Using ChromaDB to store the embeddings. We’ll skip this if we’ve already saved the embedding

In [4]:
from langchain.vectorstores import Chroma
from langchain.embeddings.openai import OpenAIEmbeddings

# Create the mebedding function
embedding_function = OpenAIEmbeddings(deployment="text-embedding-ada-002",chunk_size = 1)

In [5]:
# Create a database from the documents and embedding function
db = Chroma.from_documents(documents=documents[:1], embedding=embedding_function, persist_directory="TSR-embeddings")



In [6]:
# Persist the data to disk
# db.persist() We already have the data

### Embeddings loading
Since the embeddings are already created, we'll just load them from the files:

In [7]:
# Import chroma
from langchain.vectorstores import Chroma
from langchain.embeddings.openai import OpenAIEmbeddings

# Create the embedding function
embedding = OpenAIEmbeddings(deployment="text-embedding-ada-002",chunk_size = 1)
db = Chroma(persist_directory="TSR-embeddings", embedding_function=embedding)
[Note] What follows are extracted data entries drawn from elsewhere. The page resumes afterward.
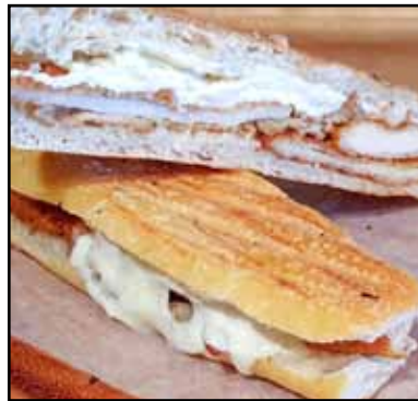
Erika $8 00 Chicken cutlet, mozzarella on rustic hero
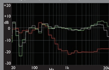
Green - driver output, on axis Grey - off axis Red - port output
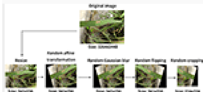
Figure 1.Steps of the image preprocessing for expanding dataset and reducing the overfitting of models.

Then, the mean and standard deviation of the ImageNet dataset were applied for standardization to make picture shading dispersion as comparable as could really be expected. As the quantity of pictures of various sorts of illnesses was not equivalent, an over-testing activity was taken on for few rice earthy colored spot pictures in the preprocessing, with a proportion of multiple times. This interaction was rehashed for each preparing age; consequently, the quantity of pictures that each model read was different in each preparing age, and the quantity of picture tests in the dataset was expanded thusly.
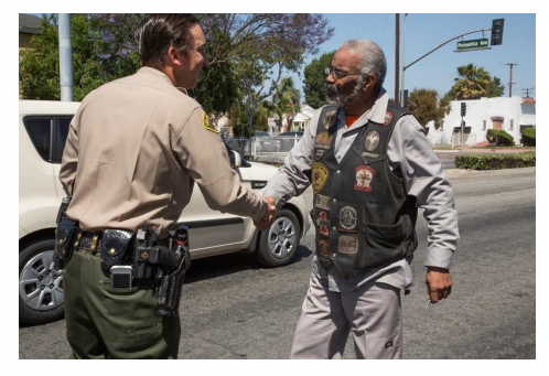
LASD Compton deputy engaging with community member

Compton identified community engagement as one of its three primary issues to focus on in its public safety strategic plan. To bolster community engagement efforts in the city of Compton, law enforcement partners participated in numerous youth programs, including Cops and Kids, Gang Resistance Education And Training (G.R.E.A.T.), a summer tennis clinic, cyber training, digital citizenship training, and FBI online predator training. Compton is also taking steps toward the implementation of an additional Youth Athletic League, providing more youth the opportunity to join in the activities. In order to reduce violent crime and time spent processing misdemeanor arrests, Compton Station has adjusted its patrol strategies to allow officers to spend more time on the street and mediate small disputes when possible. Compton believes that this increased visibility and mediation strategy is positively affecting its violent crime rate and has reduced its response times to violence calls. The LASD—Compton Station has reduced its response time from about 15 minutes to about 6 minutes.
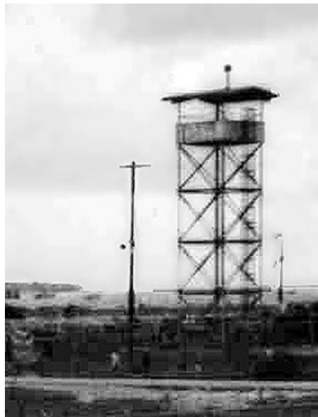
9. Tan My, Loran Station. Tower. Det-1. 1972.
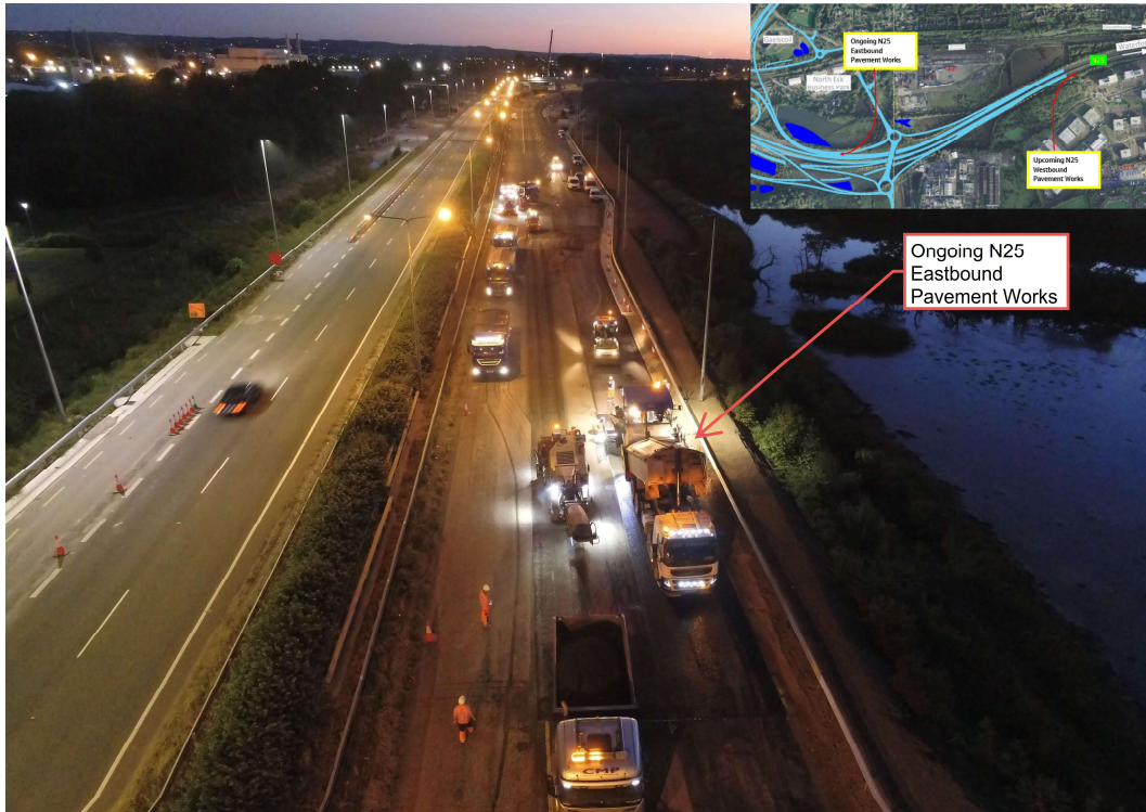
Pavement works ongoing at night on the N25 eastbound.

18th of August 2022 in order to install the temporary safety barriers which allow the works to be progressed in the central median of the N25. The works are being carried out at night to minimise the disruption to traffic – see photograph below.
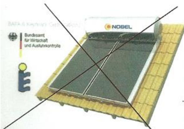
320L NOBEL Indirect Solar Geyser
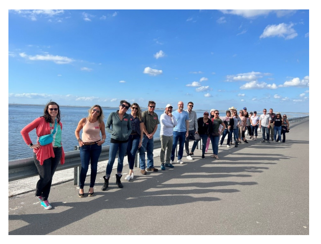
Class 32 lined up for their visit at the C-44 Canal and a visit to a local ranch.
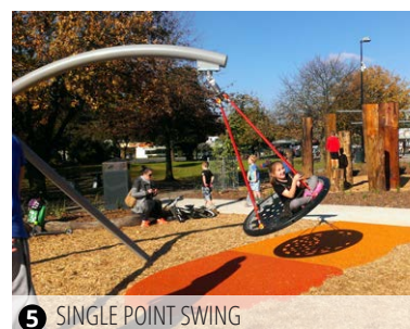
5 SINGLE POINT SWING
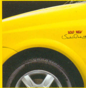
New Front Fender
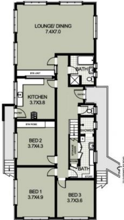
UNIT 1 3 BEDROOM UNIT UPPER LEVEL RESIDENCE
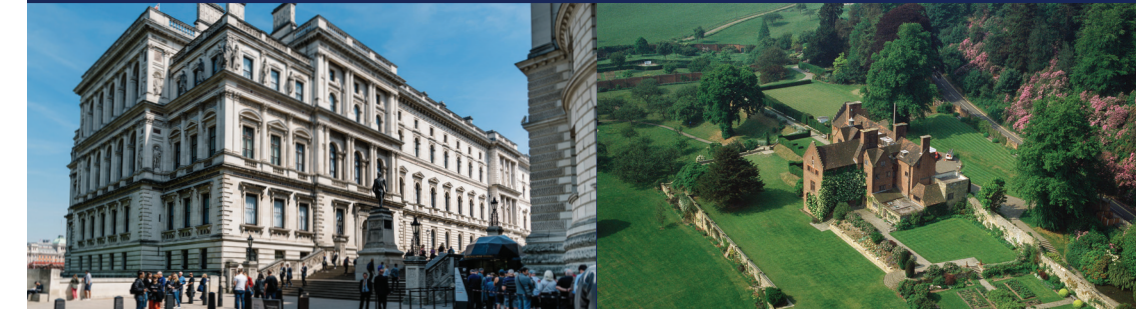
Churchill War Rooms

*$129 per person taxes & fees are additional.
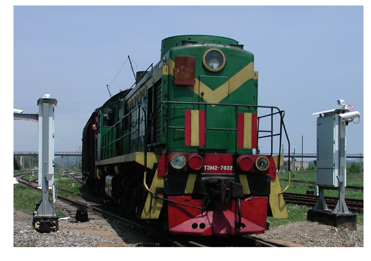
Radiation-monitoring systems in Russia and key borders

facilities called MaRIE, or Material-Radiation Interaction in Extremes. The purpose of MaRIE is to provide tools that would allow the Laboratory to address the critical materials-related scientific questions relevant to a broad spectrum of current and future missions.
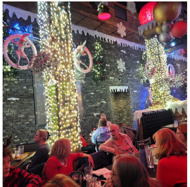
A magical time was had by all...
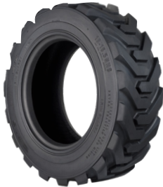
POWER KING RIM GUARD SD
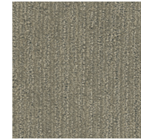
COLOR 3325 aria
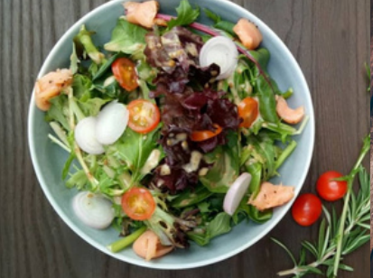
Smoked Salmon Salad $14.90
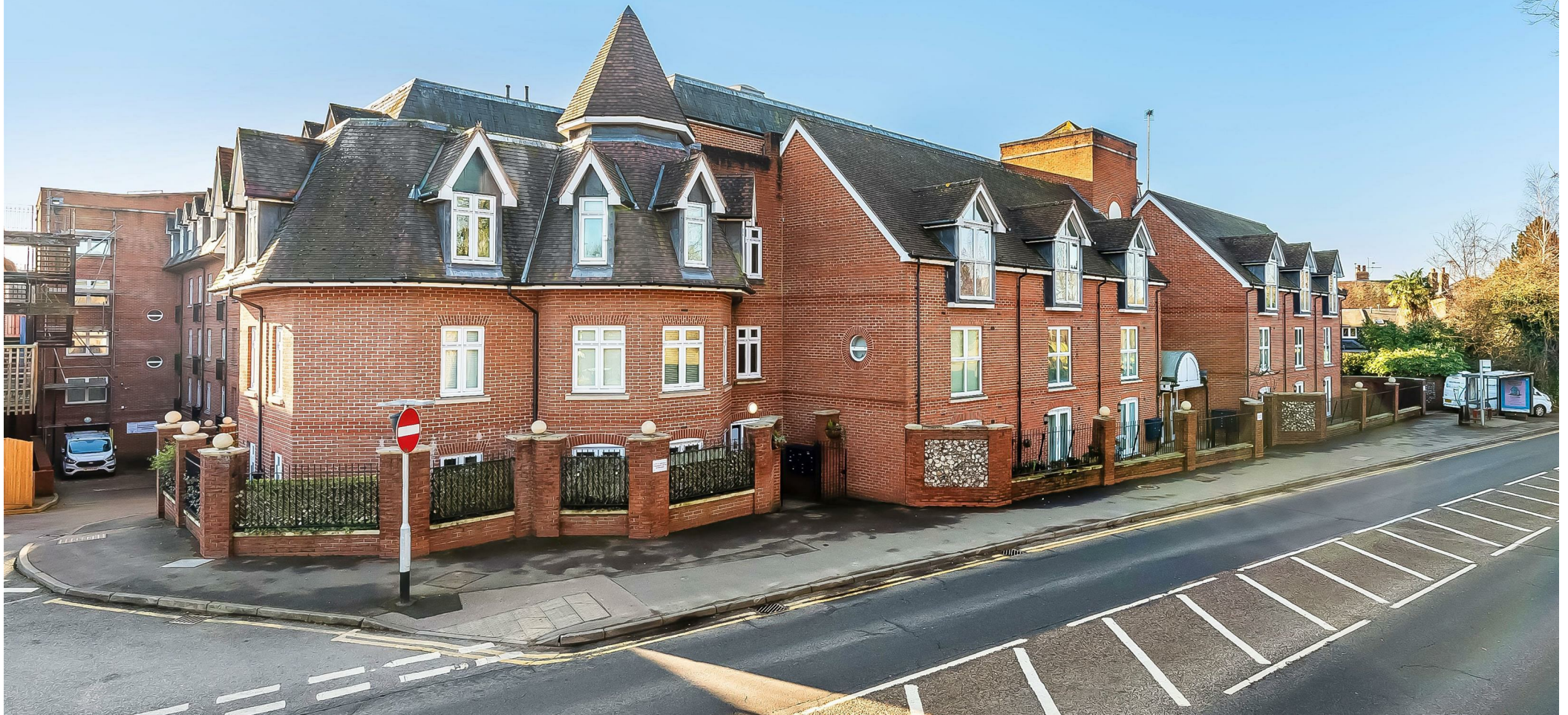
12 Royal Swan Quarter Leret Way, Leatherhead, KT22 7JL

### Create a QA chain using RAG

In [8]:
question = "What is TSR?"
question = "Main challenges of TSR"
question = "What are some approaches to solve the TSR problem?"
question = "Which datasets are useful and why?"
question = "Where should I start if I want to compare TSR models?"
question = "How can I evaluate a TSR model performance?"
question = "Explain the details of the GriTS  metric"
question = "Explain the details of the TEDS  metric"

In [9]:
# Import
from langchain.prompts import PromptTemplate
from langchain.chains.llm import LLMChain
from langchain.chat_models import ChatOpenAI
from langchain.chat_models import AzureChatOpenAI
from langchain.schema import HumanMessage

# Query the database as store the results as `context_docs`
context_docs = db.similarity_search(question)

# Create a prompt with 2 variables: `context` and `question`
prompt = PromptTemplate(
    template=""""Use the following pieces of context to answer the question at the end. If you don't know the answer, just say that you don't know, don't try to make up an answer.

<context>
{context}
</context>

Question: {question}
Helpful Answer, formatted in markdown:""",
    input_variables=["context", "question"]
)

# Create an LLM with ChatOpenAI
llm = AzureChatOpenAI(
    openai_api_base=OPENAI_API_BASE,
    openai_api_version=OPENAI_API_VERSION,
    deployment_name="gpt-35-turbo",
    openai_api_key=OPENAI_API_KEY,
    openai_api_type=OPENAI_API_TYPE,
)

In [10]:
# Create the chain
qa_chain = LLMChain(llm=llm, prompt=prompt)

# Call the chain
result = qa_chain({
    "question": question,
    "context": "\n".join([doc.page_content for doc in context_docs])
})

# Print the result
print(f"User:\n\t-{question}\n")
print(f"TSR Guru:\n{result['text']}")

User:
	-Explain the details of the TEDS  metric

TSR Guru:
The TEDS (Tree-Edit-Distance-Based Similarity) metric is a similarity measure used to evaluate the quality of table recognition methods. It was introduced in a research paper [37] and is calculated based on the tree structure of HTML tags representing the prediction and ground-truth tables.

The TEDS metric is calculated using the following formula:

TEDS(Ta, Tb) = 1 - EditDist(Ta, Tb) / max(|Ta|, |Tb|)

Where Ta and Tb represent tables in tree structure HTML format, and EditDist represents the tree-edit distance between the two tables. |T| represents the number of nodes in the table.

The TEDS metric is used to measure the similarity between predicted and ground-truth tables. A higher TEDS value indicates a higher similarity between the two tables. It is a commonly used evaluation metric in the field of table recognition.